Василий Немирович-Данченко - Ирод
Солнце уже высоко…
Полдень жизни, время любви и счастья; любви, что жарче солнца палит; счастья, что выше и шире бездонного неба раскидывается над людьми…
Он давно позабыл её в своём одиночестве, а если она и представлялась ему когда-нибудь — то ненавистной, разрушившей его жизнь, разбившей все его надежды и ожидания… Теперь, в счастливом краю былого, она явилась перед ним такою именно, какою была тогда, в первое время их любви — прелестною, захватывающею каждое его дыхание, озаряющею блеском своих чудных глаз всякую его мысль… Да, тогда на всём, о чём он думал, ложился загадочный отсвет этих серых очей, постоянно менявших своё выражение. Он опять её видит, и почерневшие губы Ирода улыбаются ей, кровь горячо льётся по жилам, опять румянец загорается на блёклых щеках… В золотистом облаке пышных волос, непокорных гребню, низко вьющихся над самыми бровями, загадочно светя глубокими серыми глазами, — она проходить перед ним — ласковая, счастливая тоже… Как бездонны эти глаза!..
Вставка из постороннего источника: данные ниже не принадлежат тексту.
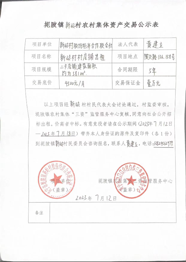 时光直播 坭陂镇新岭村村店铺出租交易公示表
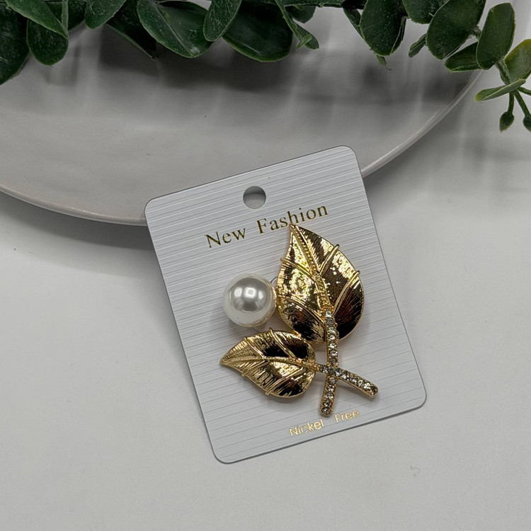 سنجاق سینه مجلسی دو برگ مرواریدی هدیه خاص و جذاب

— Знаешь, мне страшно глядеть в них! — говорит он ей.
Память прошлого вернулась; всё до мелочей воскресло оно…
— Почему, милый?..
— Конца в них не видать… Не знаешь, что зреет в них: тепло или холод, тишина или буря…
Она засмеялась тогда в ответ ему… Он хорошо помнит этот смех. Нервный, порывистый… Женщина, которая так смеётся, — на всё способна. Оскорблённая, она мстит, не жалея; обманутая, она обманывает, ломая всё и прежде всего себя… Стройная фигура её перед глазами… Он её видит сквозь опущенные веки… Слегка покачивается гибкий стан; вздрагивают сквозные розовые ноздри; вздрагивают и красивые нервные губы, словно на них дрожит какое-то трепетное сияние… Он слышит шорох её шёлкового платья; оно так ревниво обвило красивую грудь, приникло к ней точно ни солнцу, ни воздуху, ни его ревнивому взгляду не хочет уступить ни одного атома её… Оно тянется с ревнивым шелестом за нею, точно шлейф жалуется: зачем он откинут так далеко, зачем он не может коснуться этих красивых, маленьких ножек, кокетливых, щеголяющих ажурными, сквозными, шёлком ткаными чулками, шитыми красными туфлями?.. Ах, как хороша она, как хороша!.. Если бы только не эти загадочные глаза, не эта загадочная улыбка!..
Погубит наверное и себя прежде всего… Раз обманувшись, всё сломает без сожаления… Тут чувство любви и чувство злобы одинаково сильны. Вода весною, ломающая каменные плотины, не сильнее его; ураган, сбрасывающий с гор гранитные скалы — не порывистее… Страшно смотреть в эту бездонную душу, сквозь бездонные глаза!.. Страшно!..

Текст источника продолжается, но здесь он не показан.